Avrupa Sürgünler Meclisi’nin yorulmaz emekçisi Selma Metin’den Türkiye’de mevcut İslamcı diktanın rejim karşıtlarını «vatandaşlıktan atma» girişimi ve bunun 12 Eylül dönemindeki uygulamalarla benzerliği konusunda bir yazı yazmam istemi geldiğinde, sevgili dostum Ergin Erkiner’in beni son derece duygulandıran bir yazısını okumaktaydım… Ufuk Bektaş Karakaya’nın Bitmeyen Sürgünlük kitabı üzerine değerlendirmelerini…

«Sosyalist örgütlerin kadrolarının Avrupa ülkelerine çıkması 12 Eylül 1980 ile başlamadı. 12 Mart 1971 darbesinden sonra Avrupa ülkelerine gelenleri sayıları az olduğu için saymasak bile, 1976-77’den başlayarak artan sayıda sosyalist Avrupa ülkelerine –özellikle Almanya’ya- çıktı. Bir bölümünü örgütü gönderdi, bir bölümü kendisi geldi, ailesinin zorlamasıyla gelenler de vardı. 12 Eylül 1980’i izleyen ilk yıllarda Avrupa ülkelerine büyük sayılar halinde gelen sosyalistler hemen her ülkede kendilerinden önce gelmiş kadrolar ve sempatizanlar buldular,» diyordu Engin.

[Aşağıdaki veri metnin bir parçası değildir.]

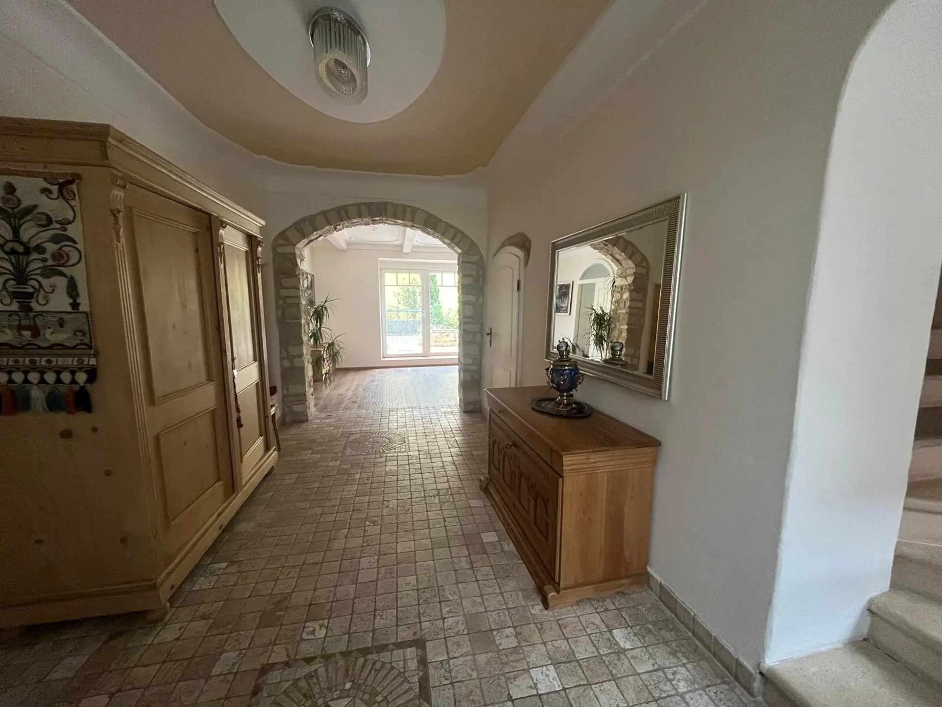 Heizung und Warmwasser: + Fußbodenheizung, teilweise Wandheizung, teilweise Heizkörper + Gastherme + Heizkessel Holz von Fröhling + Wärmepumpe für Warmwasser mit 1000L Speicher Fenster und Beschattung: + Kunststoff-Fenster 3- Fachverglasung, erhöhte Schalldämmung straßenseitig und OG-Fenster mit Kindersicherung + Sonnenschutz mit automatischen Raffstores, Zentral- und Einzelsteuerung Indoor Swimmingpool: + Maße: 10m x 2,6m x 1,5m + Wärmepumpe + vollautomatischer Filteranlage + automatische Wassernachfüllung + elektrische Poolabdeckung + Poolroboter + Poolhaus mit Wetterfühler, Entfeuchtungsanlage, Fussbodenheizung, Klimaanlage + Anschlüsse für Sauna und Dampfkabine Sonstiges: + Brunnenschacht: Wasserpumpe mit automatischen Betrieb, 8 Wasserentnahmestellen, Brunnenwassersteuerung im Sommer für Pool, Waschmaschine und Outdoortoilette + elektrischer Türöffner mit Video Funktion und 2 Inneneinheiten EG+OG + Aufwändige Außenbeleuchtung + Swarovski – Beleuchtungskörper + Weinpresse im Gewölbekeller + Satellitenanlage + Obstgarten mit 33 verschiedenen Obstsorten (im Alter von 4 - 15 Jahre)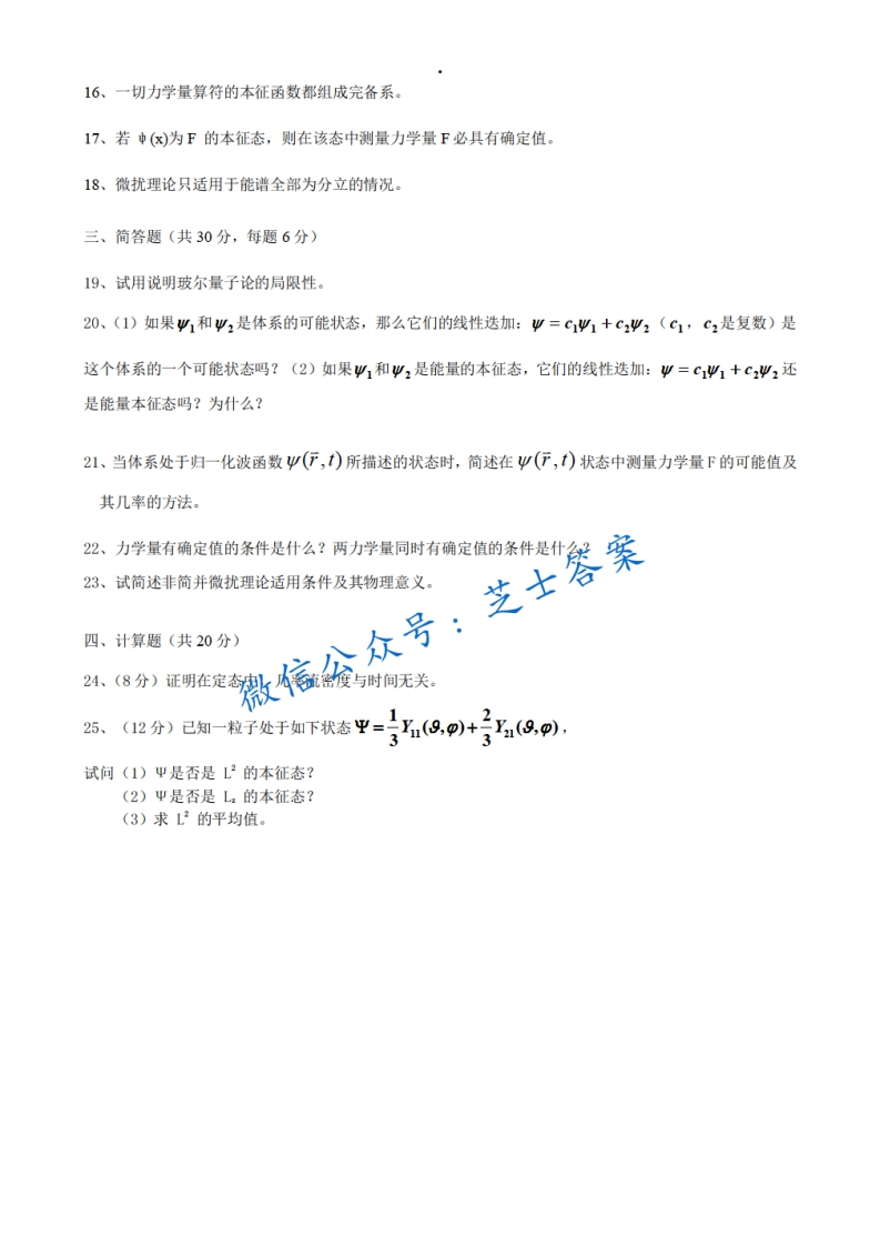 西南科技大学《量子力学》2011-2012学年第二学期期末试卷A卷猴哥6个月前发布关注私信0.39MB2页09926西南科技大学《量子力学》2011-2012学年第二学期期末试卷A卷此内容为付费资源,请付费后查看10积分年度会员免费月享会员免费登录购买付费资源已售 50 第1页 / 共2页 第2页 / 共2页 已完成全部阅读,共2页 © 版权声明文章版权归作者所有,未经允许请勿转载。THE END《西南科技大学》期中期末历年真题期末试卷 喜欢就支持一下吧点赞26赞赏 分享QQ空间微博QQ好友海报分享复制链接收藏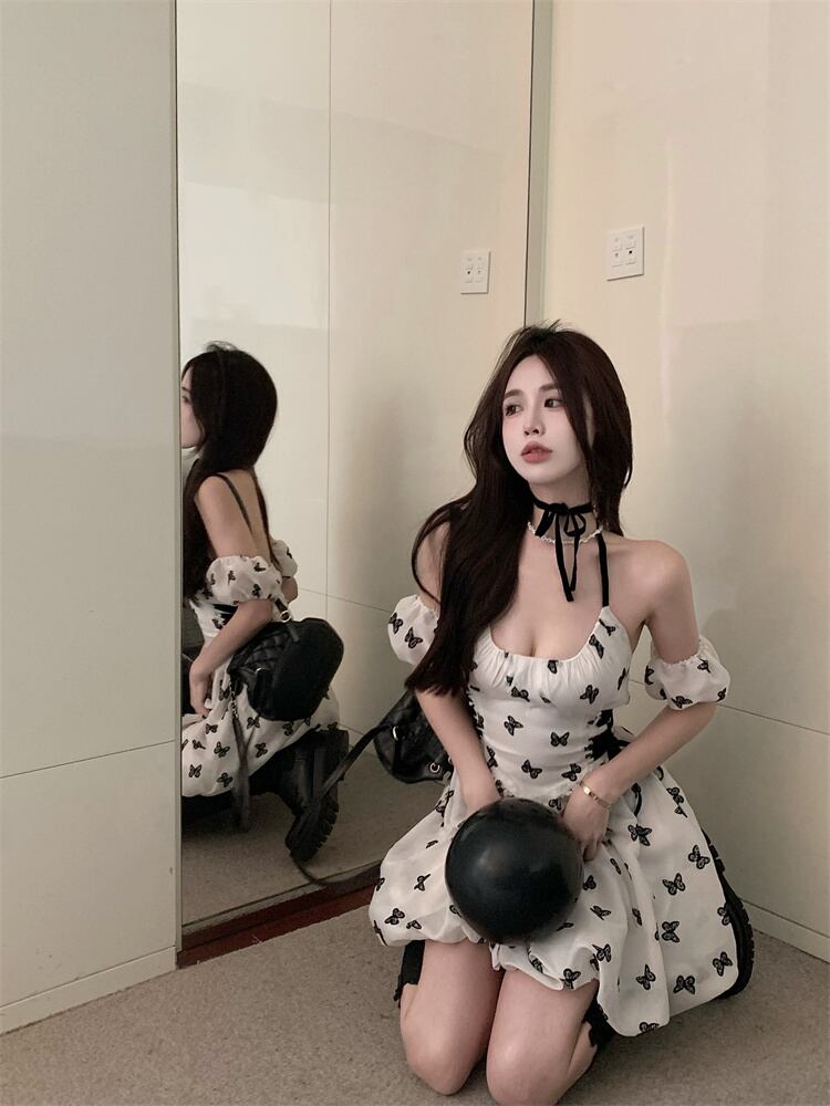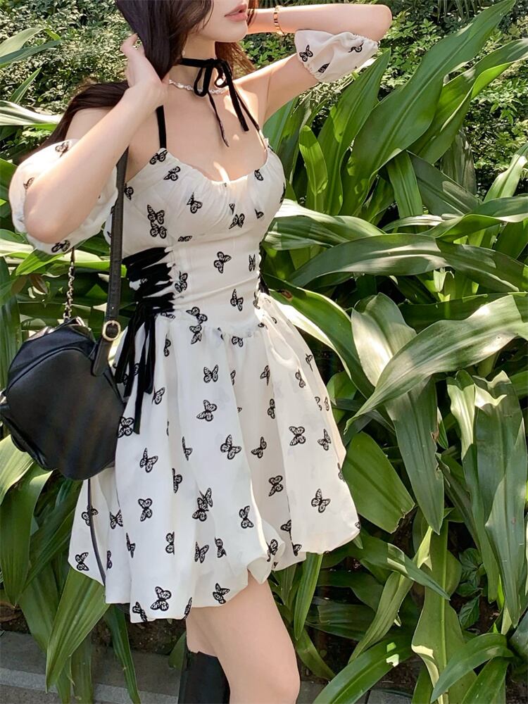 Butterfly floral suspenders fluffy flower bud skirt women's 2022 summer new chic stunning pure desire dress ふわふわ サマー 夏物 花柄 スカート ピュア フラワーデザイン nana98099783718 | modepoisson

Belki de ciddi bir çalışmada ilk kez 1971 Darbesi sürgünlerinin siyasal göç tarihindeki yeri ve rolü net olarak vurgulanıyordu.

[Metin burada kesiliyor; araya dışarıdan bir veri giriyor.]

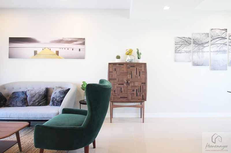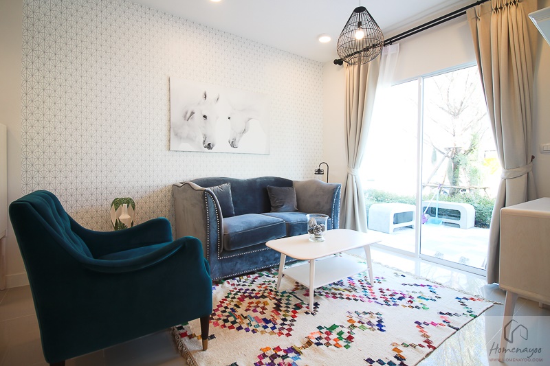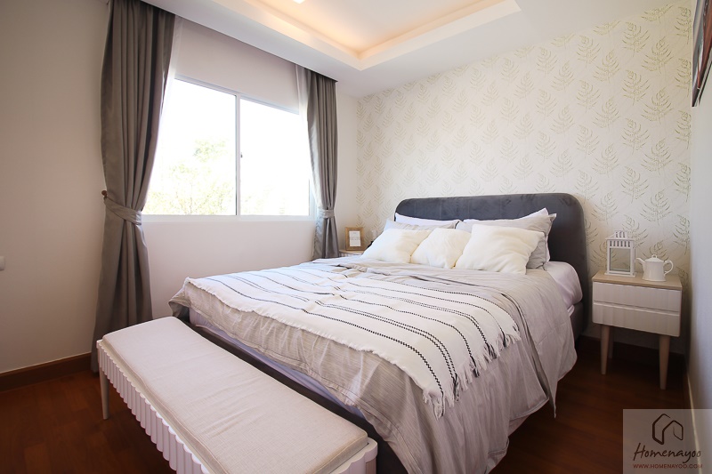 ทางโครงการตกแต่งห้องนี้เป็นห้องนั่งเล่นมาให้ดูเป็นไอเดียค่ะ ถ้าจะจัดเป็นห้องนอน เราสามารถดันเตียงชิดผนังฝั่งริมหน้าต่างได้เลย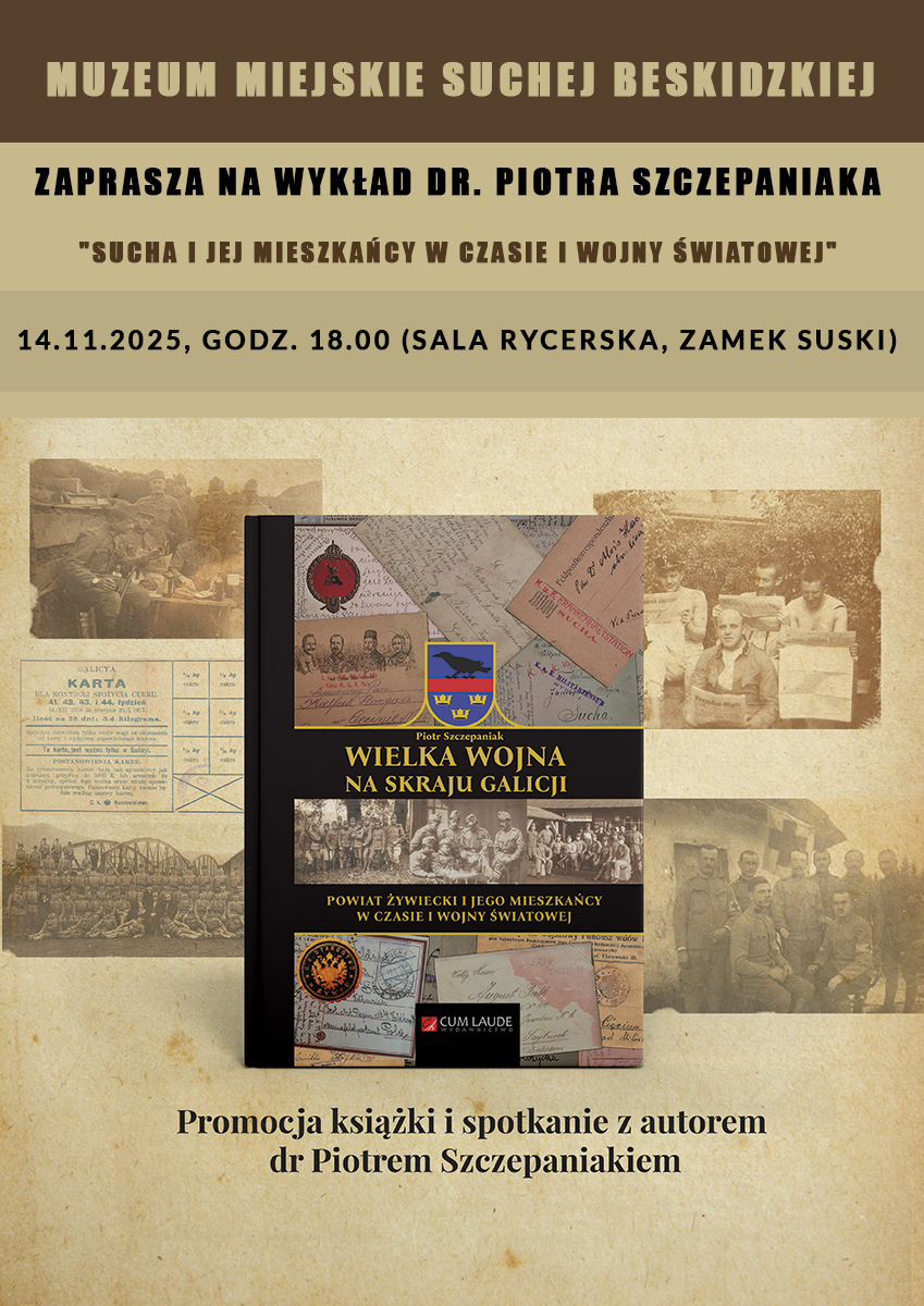 Muzeum Miejskie Suchej Beskidzkiej serdecznie zaprasza wszystkich miłośników historii regionu, pasjonatów dziejów Galicji i osoby zainteresowane losami mieszkańców Suchej Beskidzkiej w czasie I wojny światowej.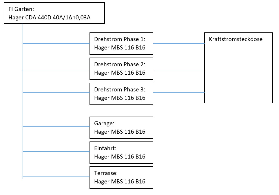 ich plane gerade eine openWB in meiner Garage einzubauen. Um dem Elektriker meine Wünsche genau zu sagen würde ich vorher gerne schon mal einen möglichst genauen Plan machen wie man das am Besten anstellt. Aktuell sind die Gegebenheiten folgendermaßen: Im Schaltkasten sitzt für alles außerhalb des Hauses ein FI (Hager CDA 440D 40A/1Δn0,03A) an dem die Leitungen in den Garten usw. dranhängen. In der Garage habe ich eine rote Kraftstromsteckdose die mit 3x16A abgesichert ist. Das Kabel bis zur Kraftstromsteckdose ist ein ca. 10m langes 5x2,5mm² Kabel. Ich möchte kein neues Kabel verlegen, da mir das Graben zu aufwendig ist und die vorhandene Leitung zur Kraftstromsteckdose nutzen. Ich würde auch gerne durch eine Abzweigung oder so weiterhin die Kraftstromsteckdose in der Garage nutzen können. Dies geschieht extrem selten und natürlich nicht parallel zum Laden an der Wallbox. Aber ab und zu hab ich mal einen Häcksler der darüber läuft.

Bir an onyıllarca öncesine döndüm… 1971 Darbesi’nde eşim ve mücadele yoldaşım İnci Tuğsavul ile birlikte sürgüne ilk çıkanlardandık… Yıllarca Demokratik Direniş Hareketi’ni, ardından İnfo-Türk’ü, Güneş Atölyeleri’ni ve de 12 Eylül ortamında Demokrasi İçin Birlik’i örgütlemiştik.

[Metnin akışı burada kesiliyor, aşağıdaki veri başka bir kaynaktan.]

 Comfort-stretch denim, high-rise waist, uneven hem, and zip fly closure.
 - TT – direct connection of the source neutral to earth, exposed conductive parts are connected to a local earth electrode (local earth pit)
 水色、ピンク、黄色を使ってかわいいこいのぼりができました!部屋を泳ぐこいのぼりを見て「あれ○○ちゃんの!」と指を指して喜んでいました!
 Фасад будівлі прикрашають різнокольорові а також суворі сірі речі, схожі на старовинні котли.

Türkiye İşçi Partisi lider kadrosu da 12 Eylül’den kısa bir süre sonra bu dokuz yıllık birikimin yarattığı kadro ve olanaklardan yararlanarak Batı Avrupa’ya iltica etmişlerdi.

Engin’in yazısını okurken Facebook’a bir acı haber düştü. 12 Eylül sürgünlerinden İbrahim Yalçın yıllardır pankreas kanserinin pençesinde kıvrandıktan sonra hayata ve de biz sürgünlere veda etmişti.

Bu sürgünde kaçıncı kaybımızdı?

İnci’yle birlikte 45 yıllık sürgün yaşamımızda bu kaçıncı acı uğurlamaydı?

Onu memleketi Elbistan’da toprağa vereceklerdi.

Sürgünde can verenlerimizden kaçı Türkiye’de, kaçı Avrupa, Avusturalya ya da Amerika’da toprağa verildi, bilmiyorum… Herhalde Avrupa Barış Meclisi’nin önde gelen görevlerinden biri bunu belgelemek olmalı…

Ayrıntılı anımsadığım, Özal döneminde Türkiye’de toprağa verilmek üzere Behice Boran’ın Brüksel’den uğurlanışıydı…

Ya Père Lachaise’de toprağa verdiklerimiz?

Yılmaz Güney... Ahmet Kaya... Uğur Hüküm...

Hele Türkiye’nin ta 40’lı yıllarda sürgüne zorladığı büyük bilimadamı, sürgün yoldaşım, İleri Jön Türkler’in kurucularından Fahrettin Petek...

Bir farkla.

Petek artık Père Lachaise’de değil, kendi arzusuyla külleri çoktan o çok sevdiği İstanbul Boğazı’nın ve de Normandiya sahilini döven Atlantik Okyanusu’nun serin sularına karışmış durumda…

Ya daha öncesi…

Türkiye’nin en büyük ozanı Nazım Hikmet 1963 Haziran’ında Moskova’da toprağa verildiğinde, ben henüz sürgün de değildim…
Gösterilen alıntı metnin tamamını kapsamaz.